Here you are asking the compiler to generate code for "neon". This option refers to the Advanced SIMD instructions as defined in ARMv7-A and implemented in Cortex-A8 and similar processors.

The other bit of knowledge you need is that the Cryptographic extensions use the Advanced SIMD registers, and are therefore considered by GCC to be something that should be enabled by an -mfpu option. Checking the list of valid options, you will want crypto-neon-fp-armv8 .

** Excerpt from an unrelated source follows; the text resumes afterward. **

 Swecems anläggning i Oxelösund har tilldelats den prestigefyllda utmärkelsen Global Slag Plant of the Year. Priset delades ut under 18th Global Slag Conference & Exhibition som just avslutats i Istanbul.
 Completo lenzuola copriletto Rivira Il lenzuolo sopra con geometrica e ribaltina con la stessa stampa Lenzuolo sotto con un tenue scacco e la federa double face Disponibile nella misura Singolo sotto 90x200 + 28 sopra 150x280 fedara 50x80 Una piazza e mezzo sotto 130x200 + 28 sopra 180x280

   -D__ARM_FEATURE_CRYPTO -D__ARM_FEATURE_CRC 

These macros are predefined by the compiler when it thinks you have support for these features. Defining them yourself is unlikely to work well, as you've discovered.
Comment 4 Jeffrey Walton 2016-07-28 10:10:57 UTC
Thanks, and sorry to waste your time with it.

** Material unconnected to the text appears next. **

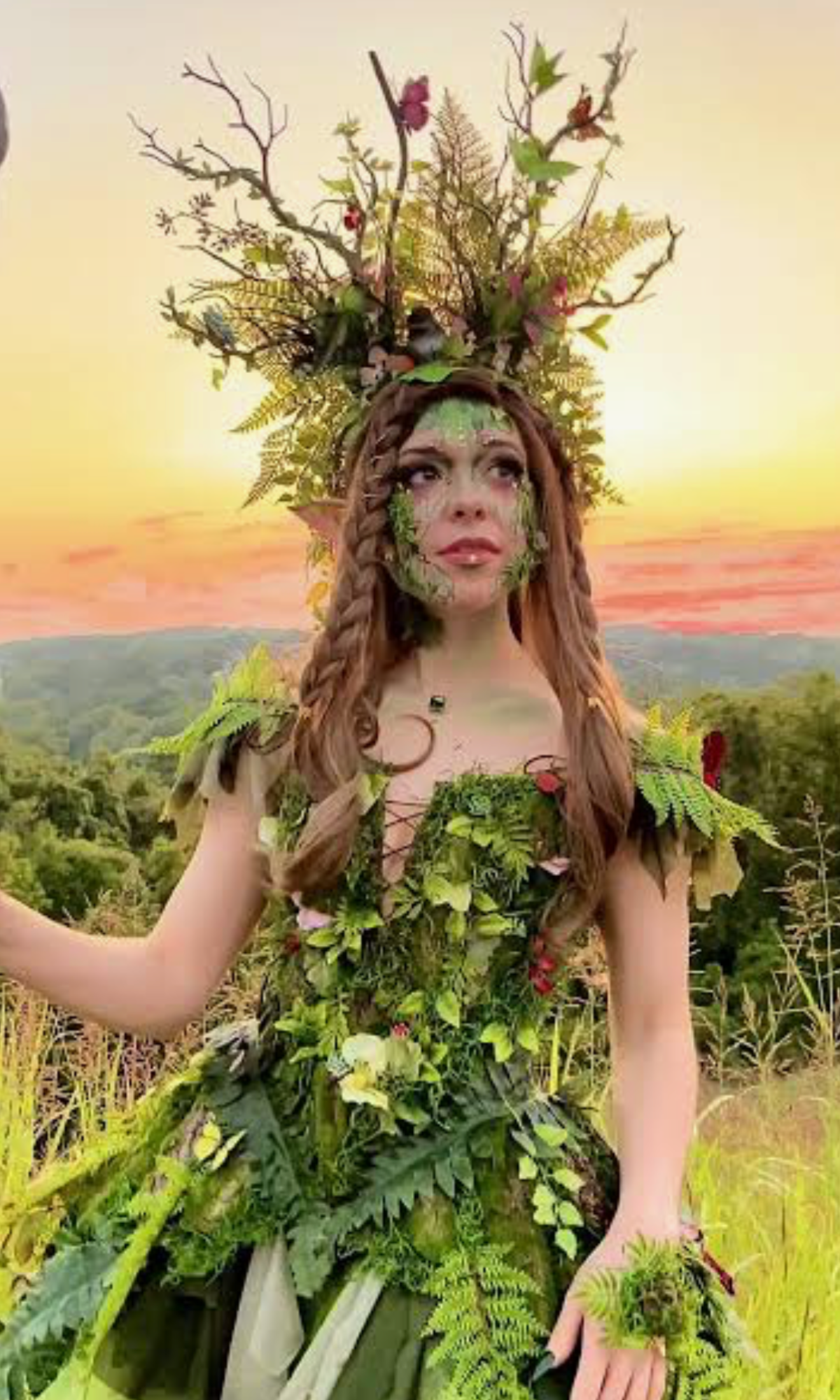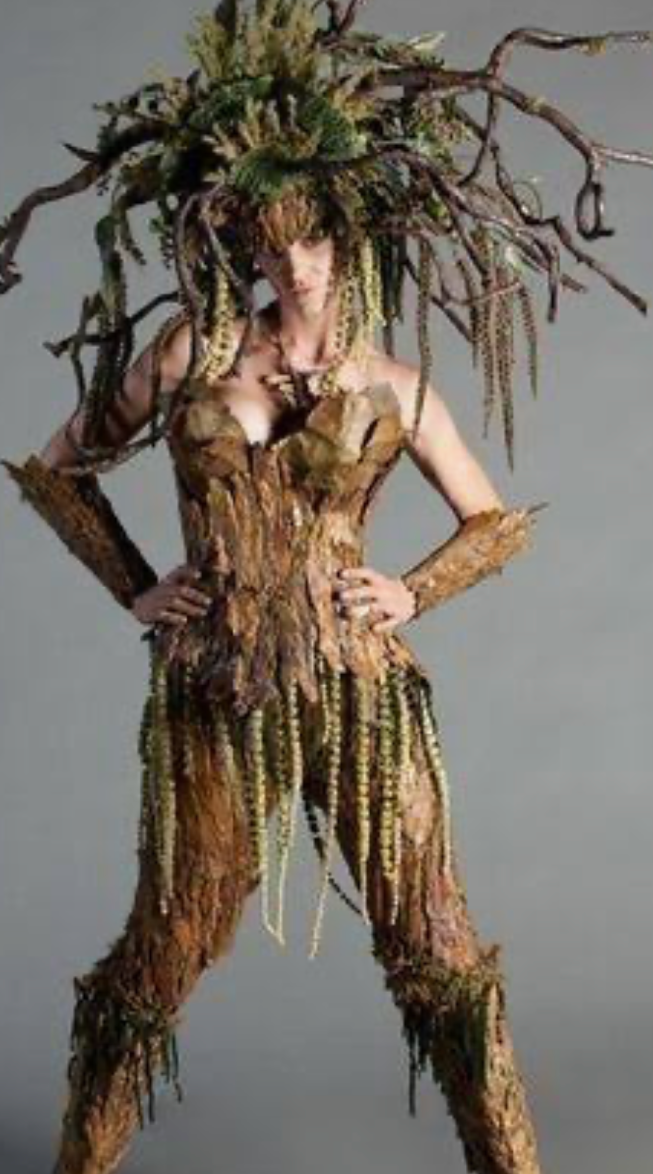 The image will have a natural themed wig with flowers, twigs, leaves and moss to create a tree/forest like effect almost whimsical. The costume designer will make the skirt for the model from recycled materials which I will provide.

Before I spin up another report that wastes a lot time, does this look like another issue with me (likely), or an issue with GCC (unlikely):

internal compiler error: in expand_shift_1, at expmed.c:2318
   result = (r1 != r2);

Here's a quick copy/paste of the relevant pieces. I'll do the minimal working example if needed.

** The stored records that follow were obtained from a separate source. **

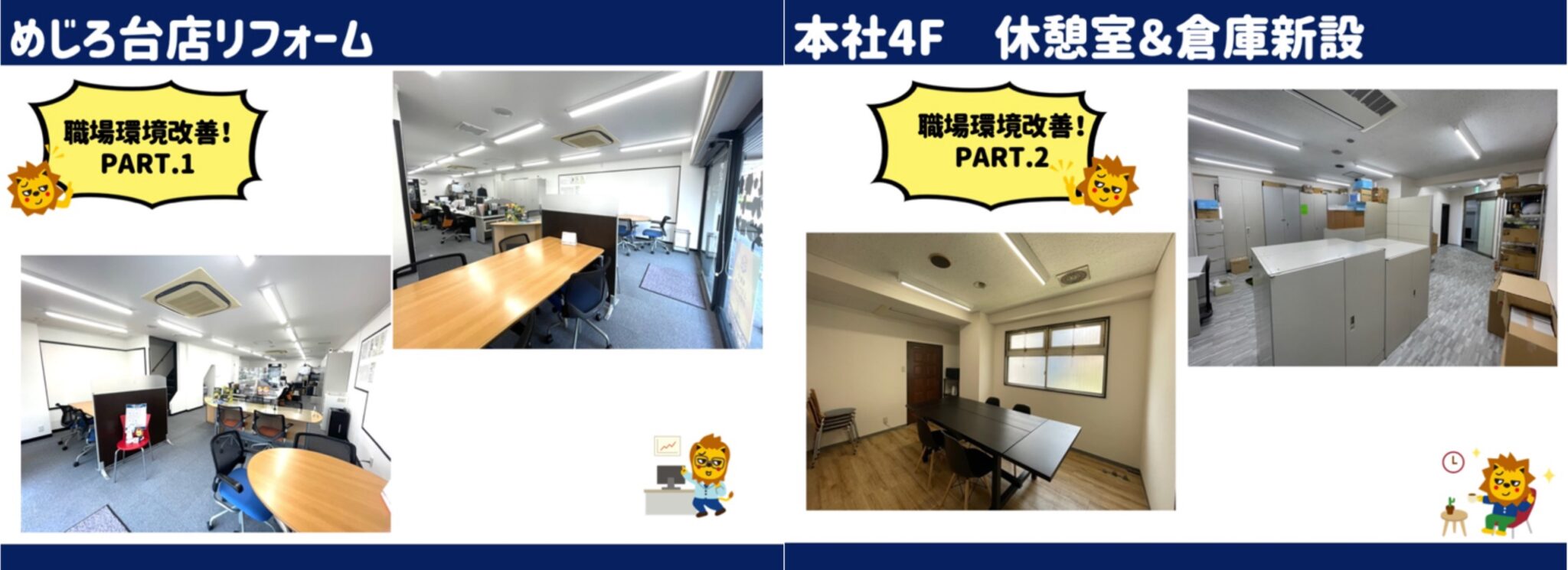 エスエストラストめじろ台店のリフォームと、本社を増床し休憩室と倉庫室を作ることで、オフィスも広く快適になりました!
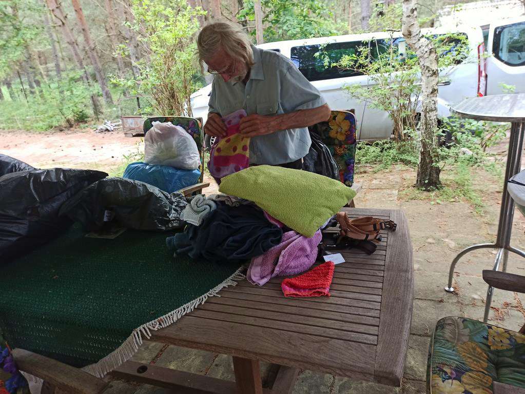 Dafür haben wir auch Decken und Leinen sortiert, ob noch was dabei ist, was wir mitgeben können.
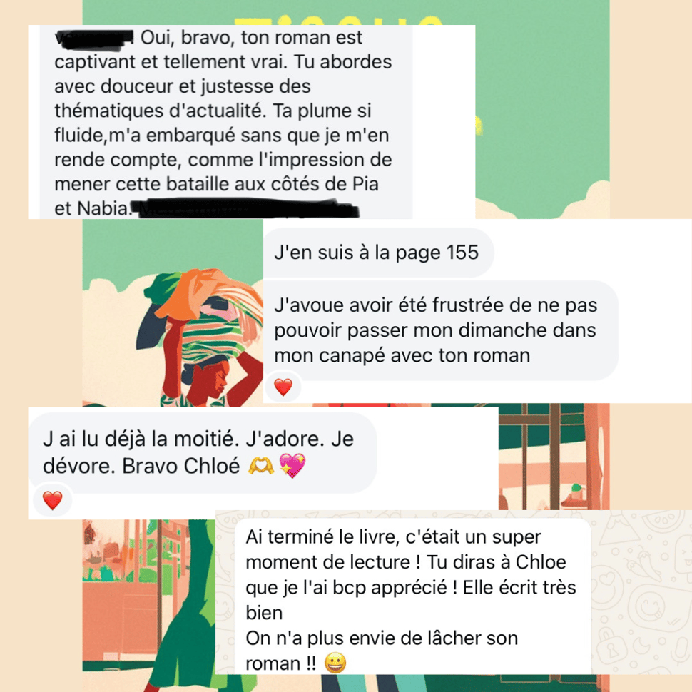 Merci infiniment de m’écrire chaque jour pour me partager vos émotions suite à la lecture de “Tissus d’espoir”. C’est un sentiment étrange, mêlant fierté et angoisse, de voir ce livre entre vos mains et de découvrir, fébrile, vos avis.
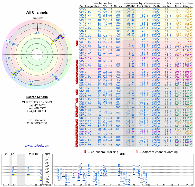 Here are the results for your location. The transmitter database was last updated on June 7, 2013. For more information about these plots and how to interpret them, please check out the Signal Analysis FAQ.

    // Executed with a sig_handler guard
    volatile bool result = true;
    ...

    const poly64_t a1={1}, b1={2};
    const poly64x2_t a2={1}, b2={2};
    const poly128_t r1 = vmull_p64(a1, b1);
    const poly128_t r2 = vmull_high_p64(a2, b2);

    result = (r1 != r2);
Comment 5 James Greenhalgh 2016-07-28 10:14:32 UTC
(In reply to Jeffrey Walton from comment #4)
> Thanks, and sorry to waste your time with it.
> 
> Before I spin up another report that wastes a lot time, does this look like
> another issue with me (likely), or an issue with GCC (unlikely):
> 
> internal compiler error: in expand_shift_1, at expmed.c:2318
>    result = (r1 != r2);
> 
> Here's a quick copy/paste of the relevant pieces. I'll do the minimal
> working example if needed.
> 
> 
>     // Executed with a sig_handler guard
>     volatile bool result = true;
>     ...
> 
>     const poly64_t a1={1}, b1={2};
>     const poly64x2_t a2={1}, b2={2};
>     const poly128_t r1 = vmull_p64(a1, b1);
>     const poly128_t r2 = vmull_high_p64(a2, b2);
> 
>     result = (r1 != r2);

Internal compiler errors are almost never *your* fault, the compiler should gracefully handle most of what you throw at it. If you can build a minimum working example that would be handy (though note that GCC 4.9 is getting old now, and the branch is due to close permanently in the very near future, so unless this reproduces on 5/6/trunk we're probably past the point where it would get looked at and fixed).
Comment 6 Jeffrey Walton 2016-07-28 10:33:25 UTC
(In reply to James Greenhalgh from comment #5)
> (In reply to Jeffrey Walton from comment #4)
> > Thanks, and sorry to waste your time with it.
> > 
> > Before I spin up another report that wastes a lot time, does this look like
> > another issue with me (likely), or an issue with GCC (unlikely):
> > 
> > internal compiler error: in expand_shift_1, at expmed.c:2318
> >    result = (r1 != r2);
> > 
> > Here's a quick copy/paste of the relevant pieces. I'll do the minimal
> > working example if needed.
> > 
> > 
> >     // Executed with a sig_handler guard
> >     volatile bool result = true;
> >     ...
> > 
> >     const poly64_t a1={1}, b1={2};
> >     const poly64x2_t a2={1}, b2={2};
> >     const poly128_t r1 = vmull_p64(a1, b1);
> >     const poly128_t r2 = vmull_high_p64(a2, b2);
> > 
> >     result = (r1 != r2);
> 
> Internal compiler errors are almost never *your* fault, the compiler should
> gracefully handle most of what you throw at it. If you can build a minimum
> working example that would be handy ...

OK, thanks. Done at https://gcc.gnu.org/bugzilla/show_bug.cgi?id=72738 .

> (though note that GCC 4.9 is getting old
> now, and the branch is due to close permanently in the very near future, so
> unless this reproduces on 5/6/trunk we're probably past the point where it
> would get looked at and fixed).

Yeah, it is a bit dated. Debian is still supplying 4.9 with Jessie stable, so its fairly ubiquitous. Its on nearly every test machine I have, including IoT gadgets like BeagleBones, CunieTrucks, Raspberry Pi's, Banana Pi's, and HiKeys.